RECORDS FOR PROCESSING:

■ ■ ■ ■ ■

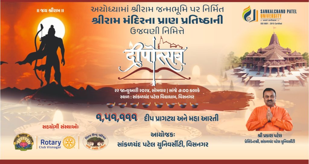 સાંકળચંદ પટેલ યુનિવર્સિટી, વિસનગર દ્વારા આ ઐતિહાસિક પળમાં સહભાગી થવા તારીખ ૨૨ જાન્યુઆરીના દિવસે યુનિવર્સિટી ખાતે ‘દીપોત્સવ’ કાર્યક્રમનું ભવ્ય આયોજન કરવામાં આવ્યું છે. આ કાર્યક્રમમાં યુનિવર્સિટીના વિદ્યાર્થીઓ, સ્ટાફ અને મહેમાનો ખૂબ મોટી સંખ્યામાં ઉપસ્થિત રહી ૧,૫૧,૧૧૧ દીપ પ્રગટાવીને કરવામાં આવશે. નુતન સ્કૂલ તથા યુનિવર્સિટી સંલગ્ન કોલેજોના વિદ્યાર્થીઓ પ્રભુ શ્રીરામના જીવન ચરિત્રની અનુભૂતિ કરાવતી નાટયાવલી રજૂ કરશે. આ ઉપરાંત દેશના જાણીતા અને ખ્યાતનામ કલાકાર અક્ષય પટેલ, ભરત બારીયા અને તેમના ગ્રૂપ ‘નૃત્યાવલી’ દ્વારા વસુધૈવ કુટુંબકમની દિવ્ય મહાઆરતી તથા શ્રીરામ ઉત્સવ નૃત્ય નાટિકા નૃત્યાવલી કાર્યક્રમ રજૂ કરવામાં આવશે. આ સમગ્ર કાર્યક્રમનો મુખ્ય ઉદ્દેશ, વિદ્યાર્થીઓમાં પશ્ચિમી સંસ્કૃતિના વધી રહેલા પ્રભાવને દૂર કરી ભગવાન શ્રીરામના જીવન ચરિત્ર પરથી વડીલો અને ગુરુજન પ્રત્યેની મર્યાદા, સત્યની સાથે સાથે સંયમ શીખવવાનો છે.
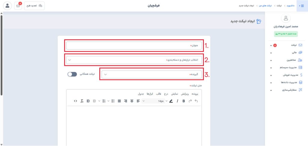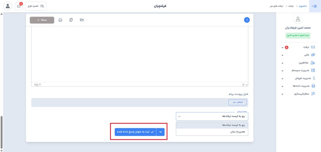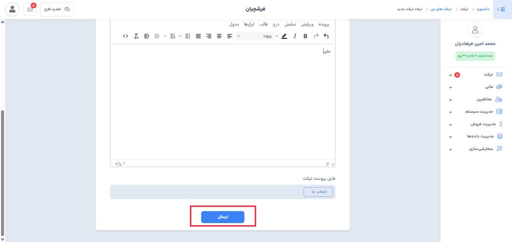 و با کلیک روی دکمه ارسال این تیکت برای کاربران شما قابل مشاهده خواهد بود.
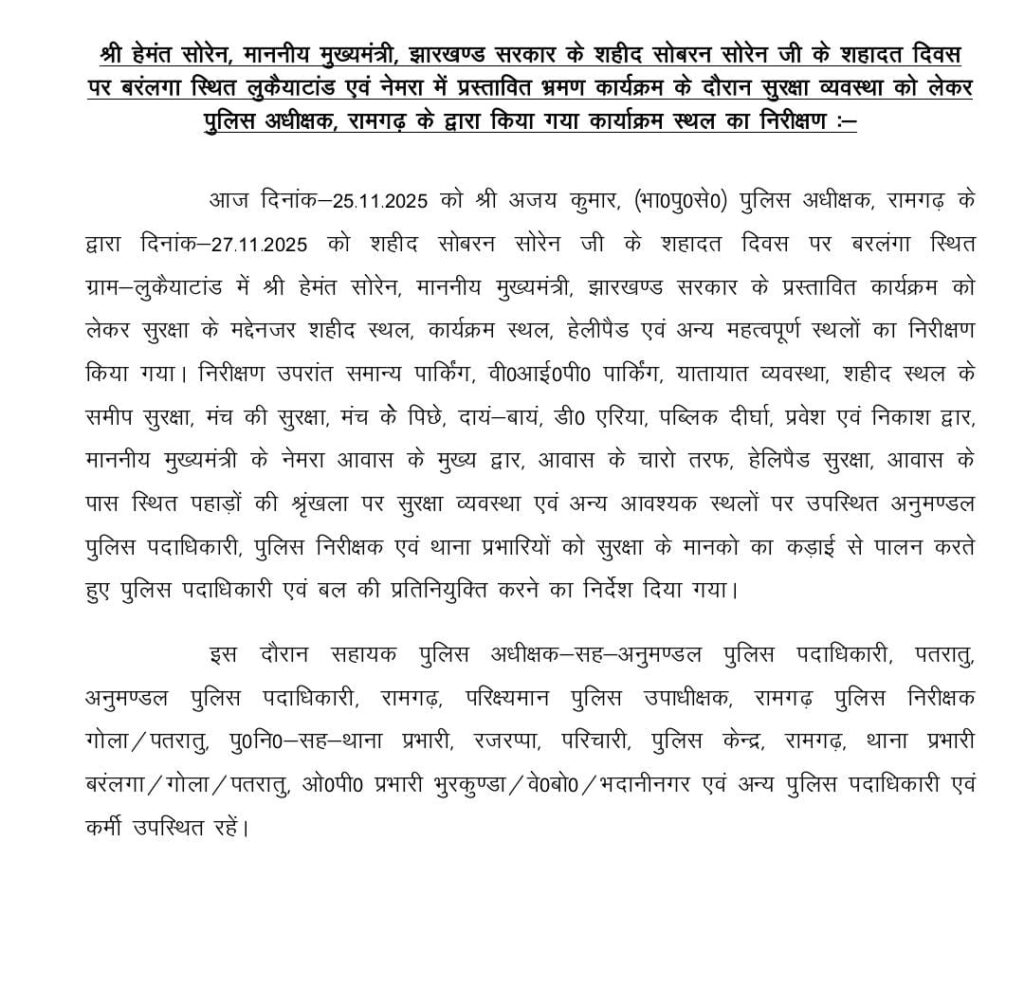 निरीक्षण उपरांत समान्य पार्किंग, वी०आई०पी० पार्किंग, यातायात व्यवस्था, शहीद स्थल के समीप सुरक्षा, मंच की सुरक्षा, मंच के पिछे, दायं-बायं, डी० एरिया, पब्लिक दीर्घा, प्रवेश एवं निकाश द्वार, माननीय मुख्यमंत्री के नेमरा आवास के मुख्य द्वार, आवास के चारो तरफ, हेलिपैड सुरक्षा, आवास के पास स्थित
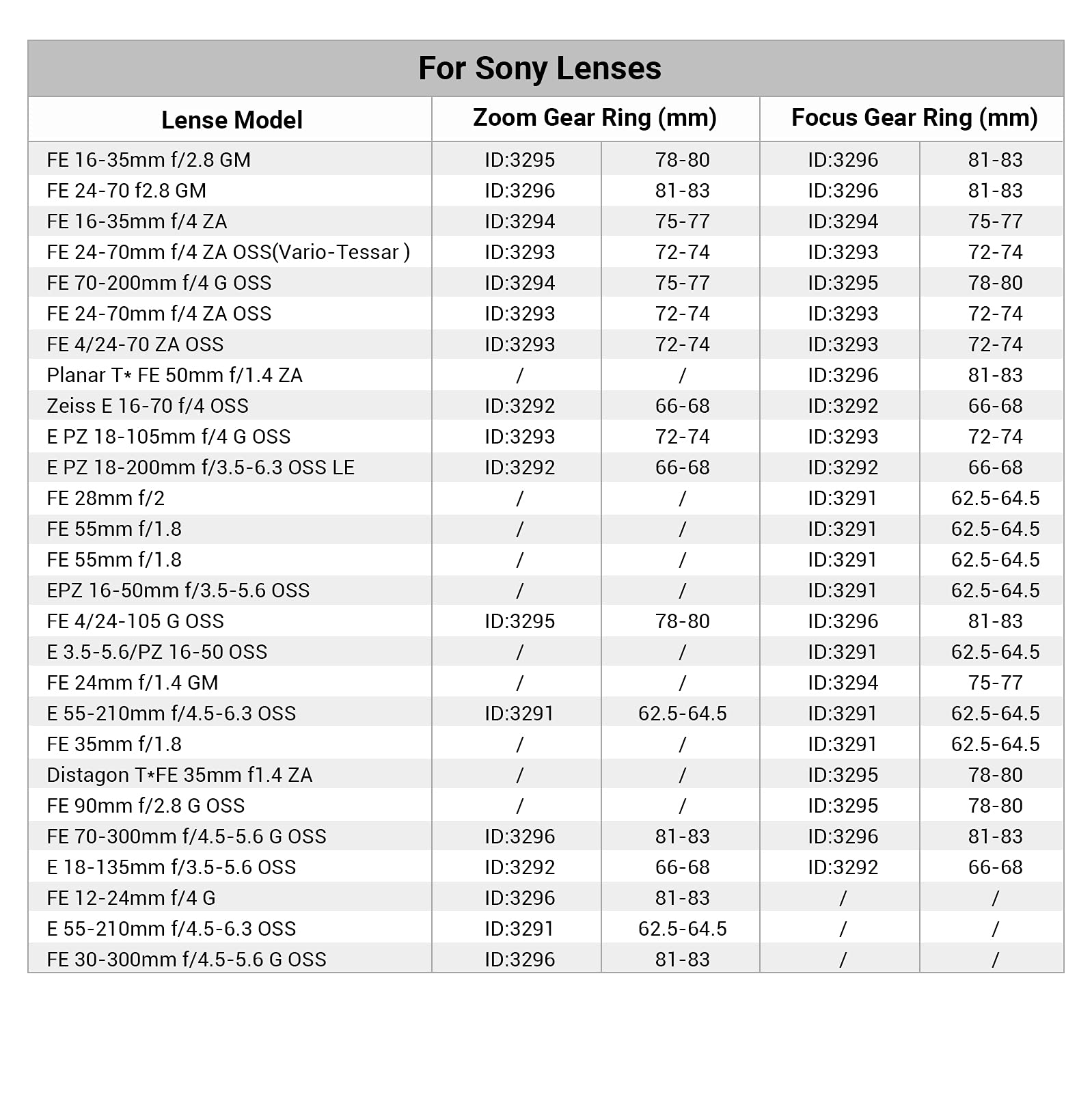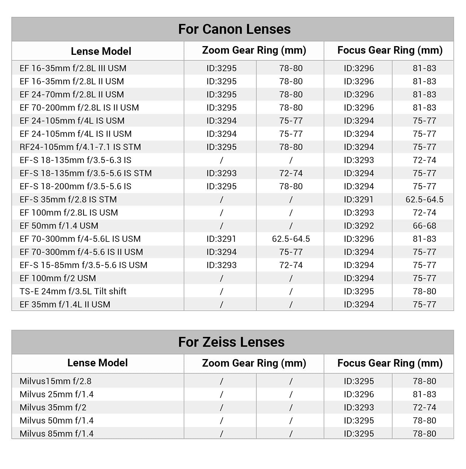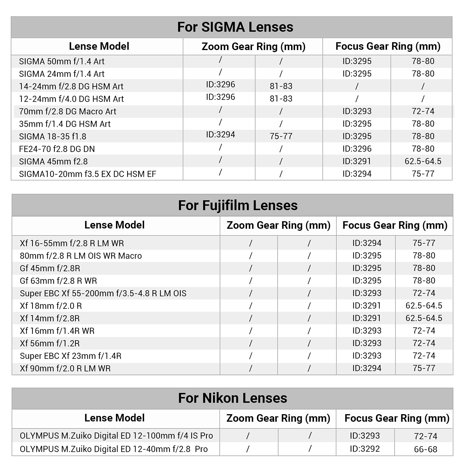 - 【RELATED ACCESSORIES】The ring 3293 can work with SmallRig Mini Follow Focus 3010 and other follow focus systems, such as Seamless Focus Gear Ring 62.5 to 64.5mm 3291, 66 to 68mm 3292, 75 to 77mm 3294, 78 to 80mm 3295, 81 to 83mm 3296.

■ ■ ■ ■ ■

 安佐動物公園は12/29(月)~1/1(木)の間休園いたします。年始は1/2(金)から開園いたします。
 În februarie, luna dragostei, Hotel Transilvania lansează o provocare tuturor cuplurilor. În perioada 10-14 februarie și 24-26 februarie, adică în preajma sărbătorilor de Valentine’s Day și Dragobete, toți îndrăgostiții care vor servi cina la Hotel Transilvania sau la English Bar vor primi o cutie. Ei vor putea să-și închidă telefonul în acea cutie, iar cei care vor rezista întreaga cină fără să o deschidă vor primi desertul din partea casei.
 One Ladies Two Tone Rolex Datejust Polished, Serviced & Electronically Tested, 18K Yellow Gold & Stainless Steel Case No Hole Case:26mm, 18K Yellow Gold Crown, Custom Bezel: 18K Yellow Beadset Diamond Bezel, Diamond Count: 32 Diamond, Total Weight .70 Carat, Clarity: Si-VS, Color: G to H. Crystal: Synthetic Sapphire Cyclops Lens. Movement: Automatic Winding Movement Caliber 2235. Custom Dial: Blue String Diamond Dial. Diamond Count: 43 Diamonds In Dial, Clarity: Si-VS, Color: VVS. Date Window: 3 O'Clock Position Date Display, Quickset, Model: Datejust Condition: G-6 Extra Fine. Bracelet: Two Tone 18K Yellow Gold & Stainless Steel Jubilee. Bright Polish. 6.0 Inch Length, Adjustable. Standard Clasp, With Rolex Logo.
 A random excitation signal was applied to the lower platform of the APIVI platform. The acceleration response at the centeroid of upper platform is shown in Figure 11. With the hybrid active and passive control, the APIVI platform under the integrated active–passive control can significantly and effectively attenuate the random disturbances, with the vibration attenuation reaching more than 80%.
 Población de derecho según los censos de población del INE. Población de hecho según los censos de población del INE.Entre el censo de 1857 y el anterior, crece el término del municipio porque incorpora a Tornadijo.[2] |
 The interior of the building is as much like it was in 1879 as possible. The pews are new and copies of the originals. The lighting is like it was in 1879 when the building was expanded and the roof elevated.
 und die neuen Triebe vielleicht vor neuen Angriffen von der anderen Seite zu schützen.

■ ■ ■ ■ ■

TASK PROMPT: Take the entries above and copy exactly the lines starting at the one with "સાંકળચંદ પટેલ યુનિવર્સિટી, વિસનગર" and ending at the one with "- 【RELATED ACCESSORIES】The"; nothing outside that span, and no pictures.

RESULT OF THIS TASK:
 સાંકળચંદ પટેલ યુનિવર્સિટી, વિસનગર દ્વારા આ ઐતિહાસિક પળમાં સહભાગી થવા તારીખ ૨૨ જાન્યુઆરીના દિવસે યુનિવર્સિટી ખાતે ‘દીપોત્સવ’ કાર્યક્રમનું ભવ્ય આયોજન કરવામાં આવ્યું છે. આ કાર્યક્રમમાં યુનિવર્સિટીના વિદ્યાર્થીઓ, સ્ટાફ અને મહેમાનો ખૂબ મોટી સંખ્યામાં ઉપસ્થિત રહી ૧,૫૧,૧૧૧ દીપ પ્રગટાવીને કરવામાં આવશે. નુતન સ્કૂલ તથા યુનિવર્સિટી સંલગ્ન કોલેજોના વિદ્યાર્થીઓ પ્રભુ શ્રીરામના જીવન ચરિત્રની અનુભૂતિ કરાવતી નાટયાવલી રજૂ કરશે. આ ઉપરાંત દેશના જાણીતા અને ખ્યાતનામ કલાકાર અક્ષય પટેલ, ભરત બારીયા અને તેમના ગ્રૂપ ‘નૃત્યાવલી’ દ્વારા વસુધૈવ કુટુંબકમની દિવ્ય મહાઆરતી તથા શ્રીરામ ઉત્સવ નૃત્ય નાટિકા નૃત્યાવલી કાર્યક્રમ રજૂ કરવામાં આવશે. આ સમગ્ર કાર્યક્રમનો મુખ્ય ઉદ્દેશ, વિદ્યાર્થીઓમાં પશ્ચિમી સંસ્કૃતિના વધી રહેલા પ્રભાવને દૂર કરી ભગવાન શ્રીરામના જીવન ચરિત્ર પરથી વડીલો અને ગુરુજન પ્રત્યેની મર્યાદા, સત્યની સાથે સાથે સંયમ શીખવવાનો છે.
 و با کلیک روی دکمه ارسال این تیکت برای کاربران شما قابل مشاهده خواهد بود.
 निरीक्षण उपरांत समान्य पार्किंग, वी०आई०पी० पार्किंग, यातायात व्यवस्था, शहीद स्थल के समीप सुरक्षा, मंच की सुरक्षा, मंच के पिछे, दायं-बायं, डी० एरिया, पब्लिक दीर्घा, प्रवेश एवं निकाश द्वार, माननीय मुख्यमंत्री के नेमरा आवास के मुख्य द्वार, आवास के चारो तरफ, हेलिपैड सुरक्षा, आवास के पास स्थित
 - 【RELATED ACCESSORIES】The ring 3293 can work with SmallRig Mini Follow Focus 3010 and other follow focus systems, such as Seamless Focus Gear Ring 62.5 to 64.5mm 3291, 66 to 68mm 3292, 75 to 77mm 3294, 78 to 80mm 3295, 81 to 83mm 3296.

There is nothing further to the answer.